__Goal of the exercise__: Write out exactly, excluding pictures, the lines from the one containing "本展の最後を飾るのは、東郷青" through the end of the data, both included.

(Dataset records)
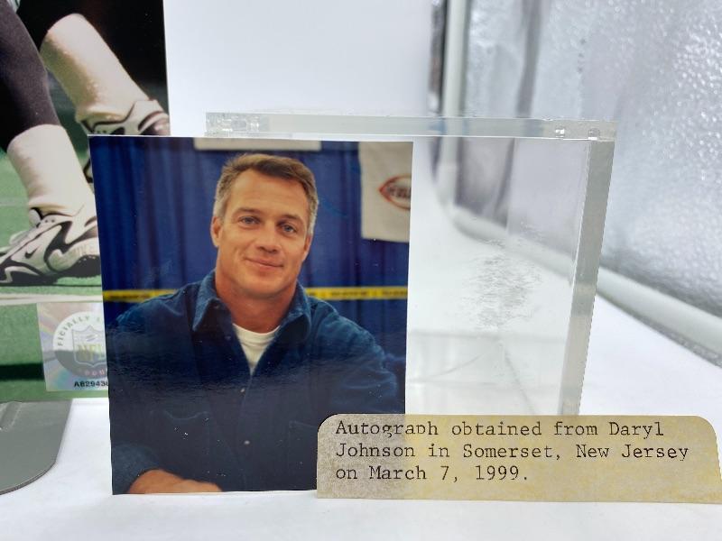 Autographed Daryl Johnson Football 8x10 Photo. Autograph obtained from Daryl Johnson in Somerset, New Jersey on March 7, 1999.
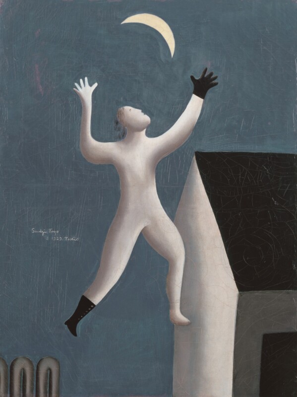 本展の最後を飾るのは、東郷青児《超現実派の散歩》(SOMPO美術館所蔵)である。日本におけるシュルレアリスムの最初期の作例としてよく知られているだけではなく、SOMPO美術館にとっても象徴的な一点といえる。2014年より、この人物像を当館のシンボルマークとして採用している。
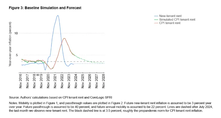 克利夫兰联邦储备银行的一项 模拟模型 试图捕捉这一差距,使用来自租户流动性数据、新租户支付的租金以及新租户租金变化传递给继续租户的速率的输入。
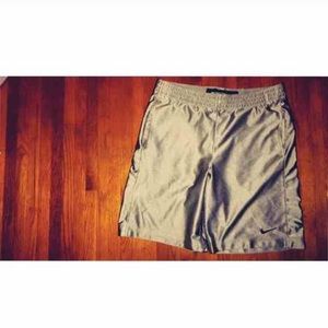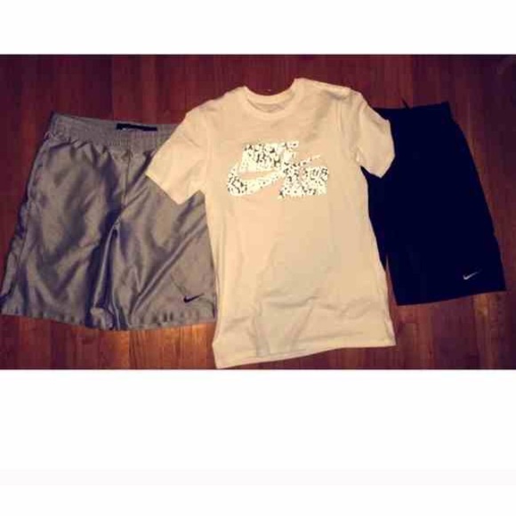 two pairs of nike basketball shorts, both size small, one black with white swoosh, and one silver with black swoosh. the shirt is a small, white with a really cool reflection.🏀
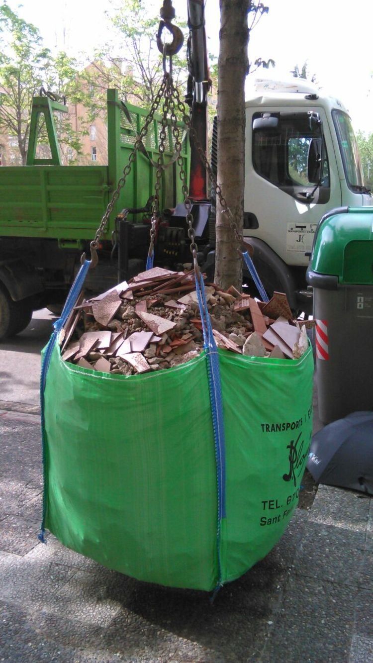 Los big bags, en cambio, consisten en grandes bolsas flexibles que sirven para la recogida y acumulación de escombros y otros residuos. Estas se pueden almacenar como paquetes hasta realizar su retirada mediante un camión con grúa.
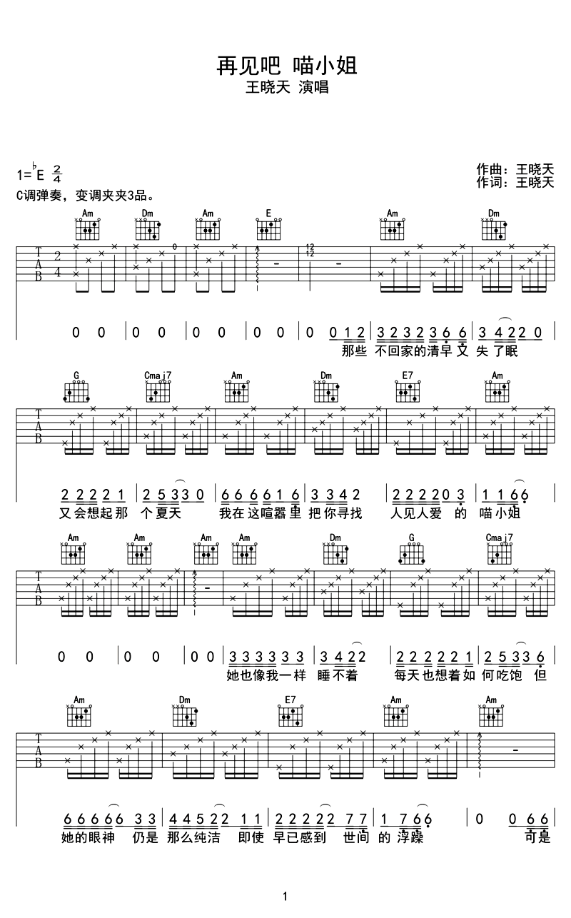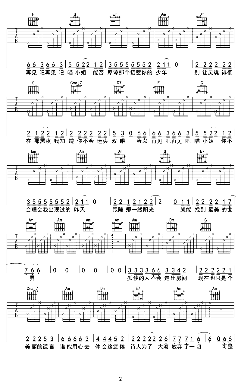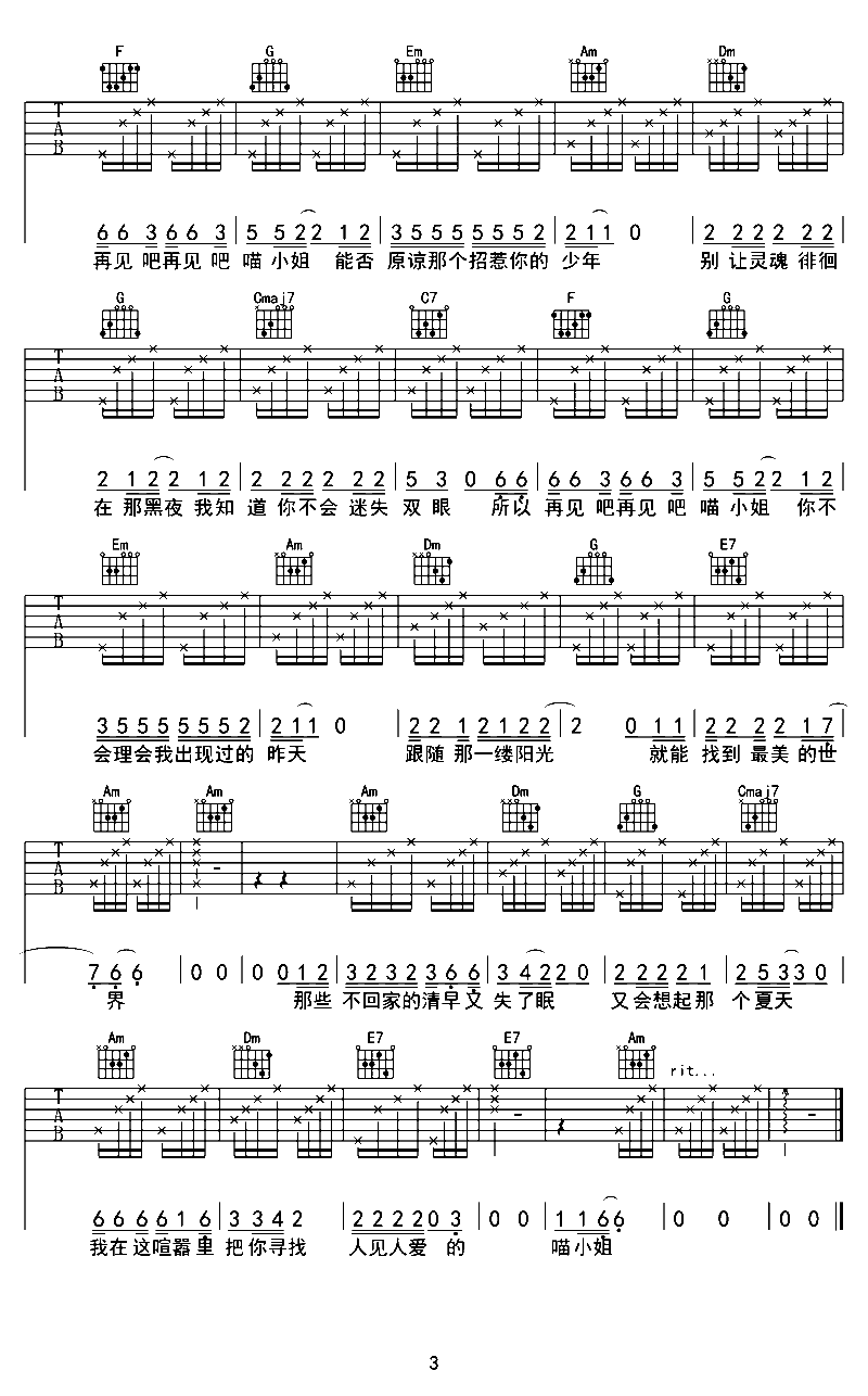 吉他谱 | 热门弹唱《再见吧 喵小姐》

__Solution to this task__:
 本展の最後を飾るのは、東郷青児《超現実派の散歩》(SOMPO美術館所蔵)である。日本におけるシュルレアリスムの最初期の作例としてよく知られているだけではなく、SOMPO美術館にとっても象徴的な一点といえる。2014年より、この人物像を当館のシンボルマークとして採用している。
 克利夫兰联邦储备银行的一项 模拟模型 试图捕捉这一差距,使用来自租户流动性数据、新租户支付的租金以及新租户租金变化传递给继续租户的速率的输入。
 two pairs of nike basketball shorts, both size small, one black with white swoosh, and one silver with black swoosh. the shirt is a small, white with a really cool reflection.🏀
 Los big bags, en cambio, consisten en grandes bolsas flexibles que sirven para la recogida y acumulación de escombros y otros residuos. Estas se pueden almacenar como paquetes hasta realizar su retirada mediante un camión con grúa.
 吉他谱 | 热门弹唱《再见吧 喵小姐》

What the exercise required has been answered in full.